↓
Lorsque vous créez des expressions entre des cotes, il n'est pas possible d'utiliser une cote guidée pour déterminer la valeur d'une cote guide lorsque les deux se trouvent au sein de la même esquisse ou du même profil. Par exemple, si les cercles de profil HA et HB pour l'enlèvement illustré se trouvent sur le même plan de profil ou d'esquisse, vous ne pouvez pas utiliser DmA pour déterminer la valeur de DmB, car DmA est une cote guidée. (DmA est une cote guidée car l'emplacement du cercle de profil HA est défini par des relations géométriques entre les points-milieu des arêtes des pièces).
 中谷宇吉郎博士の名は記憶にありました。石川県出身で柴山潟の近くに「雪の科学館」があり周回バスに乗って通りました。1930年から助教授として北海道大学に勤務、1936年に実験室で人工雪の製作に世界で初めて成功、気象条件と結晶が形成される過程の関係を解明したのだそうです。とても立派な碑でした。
↑
↓
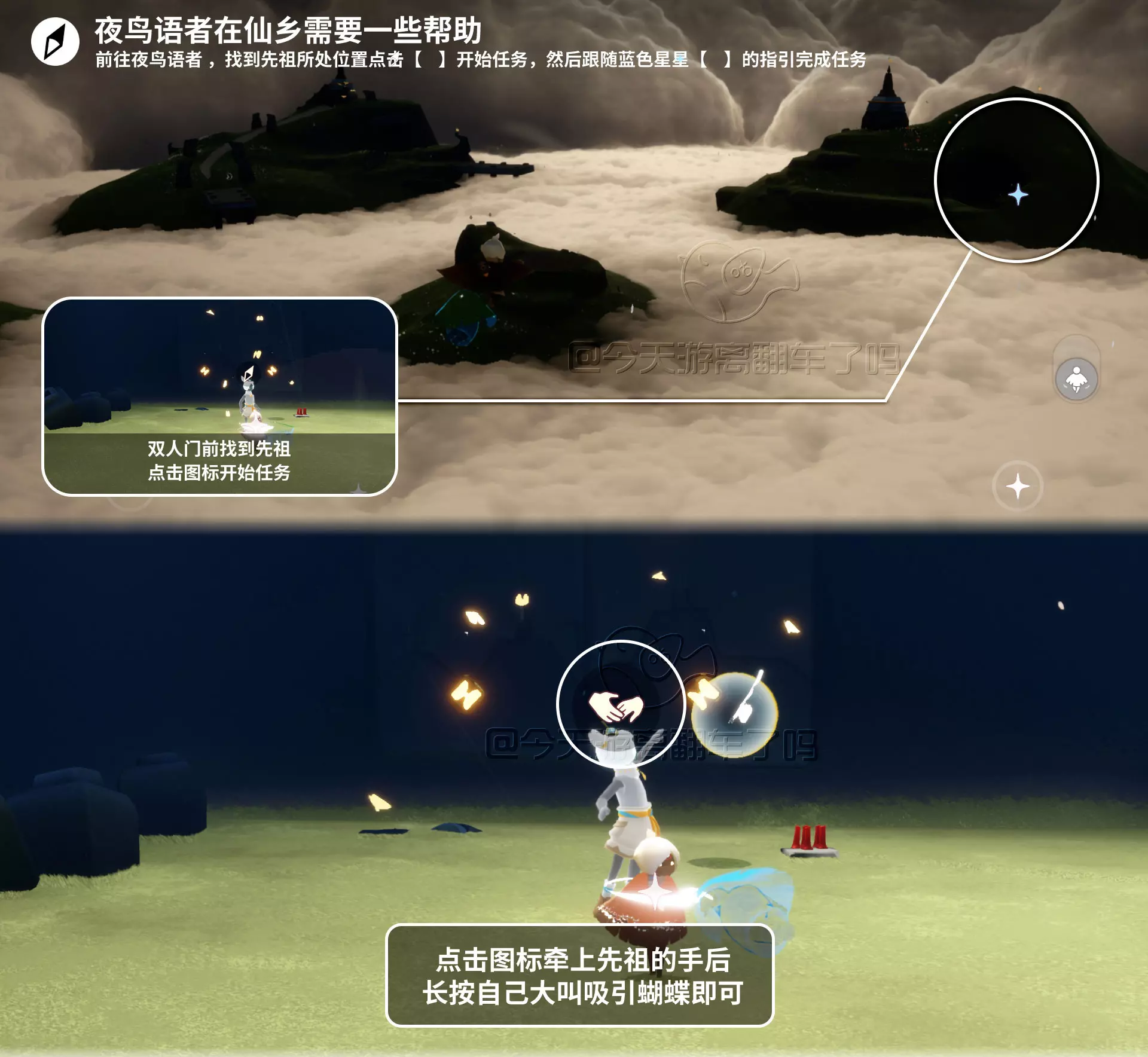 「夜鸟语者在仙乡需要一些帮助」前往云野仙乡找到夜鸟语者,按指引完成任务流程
↑
↓
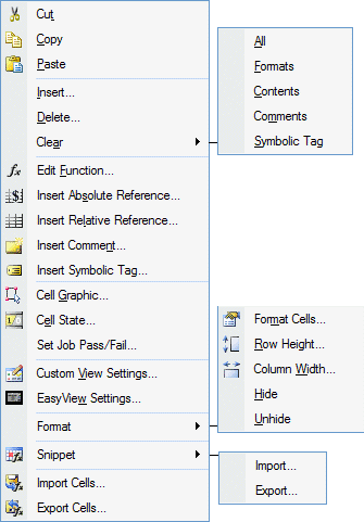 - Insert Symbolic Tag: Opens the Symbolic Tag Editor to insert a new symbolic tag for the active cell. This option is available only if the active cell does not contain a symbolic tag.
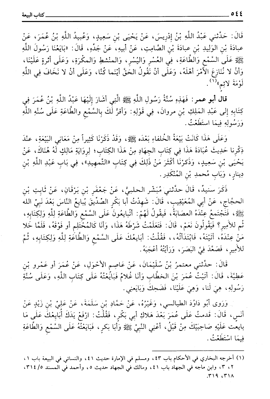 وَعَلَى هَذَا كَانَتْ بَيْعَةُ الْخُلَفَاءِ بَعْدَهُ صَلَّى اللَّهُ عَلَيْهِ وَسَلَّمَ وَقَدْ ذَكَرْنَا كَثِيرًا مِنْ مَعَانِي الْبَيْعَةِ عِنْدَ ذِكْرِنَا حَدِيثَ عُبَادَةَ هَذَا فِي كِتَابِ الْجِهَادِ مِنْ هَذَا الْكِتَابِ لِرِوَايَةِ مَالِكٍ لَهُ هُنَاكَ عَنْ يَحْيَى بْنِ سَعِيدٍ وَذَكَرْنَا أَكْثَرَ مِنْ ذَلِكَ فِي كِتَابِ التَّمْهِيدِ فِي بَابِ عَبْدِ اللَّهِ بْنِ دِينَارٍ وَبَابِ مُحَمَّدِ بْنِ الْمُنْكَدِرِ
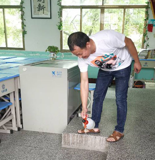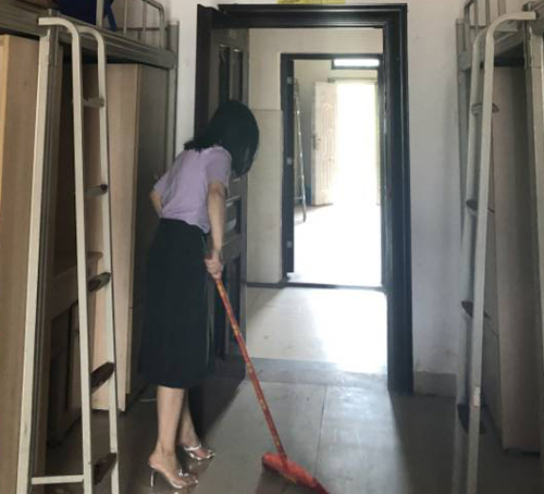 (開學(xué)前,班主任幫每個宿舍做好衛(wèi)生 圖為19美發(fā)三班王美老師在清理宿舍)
↑
- **Work task**
Using the records above, repeat exactly the run of lines that starts with the line with "- Insert Symbolic" and goes on through the line with "(開學(xué)前,班主任幫"; omit each picture.

- **Solution for this problem**
 - Insert Symbolic Tag: Opens the Symbolic Tag Editor to insert a new symbolic tag for the active cell. This option is available only if the active cell does not contain a symbolic tag.
 وَعَلَى هَذَا كَانَتْ بَيْعَةُ الْخُلَفَاءِ بَعْدَهُ صَلَّى اللَّهُ عَلَيْهِ وَسَلَّمَ وَقَدْ ذَكَرْنَا كَثِيرًا مِنْ مَعَانِي الْبَيْعَةِ عِنْدَ ذِكْرِنَا حَدِيثَ عُبَادَةَ هَذَا فِي كِتَابِ الْجِهَادِ مِنْ هَذَا الْكِتَابِ لِرِوَايَةِ مَالِكٍ لَهُ هُنَاكَ عَنْ يَحْيَى بْنِ سَعِيدٍ وَذَكَرْنَا أَكْثَرَ مِنْ ذَلِكَ فِي كِتَابِ التَّمْهِيدِ فِي بَابِ عَبْدِ اللَّهِ بْنِ دِينَارٍ وَبَابِ مُحَمَّدِ بْنِ الْمُنْكَدِرِ
 (開學(xué)前,班主任幫每個宿舍做好衛(wèi)生 圖為19美發(fā)三班王美老師在清理宿舍)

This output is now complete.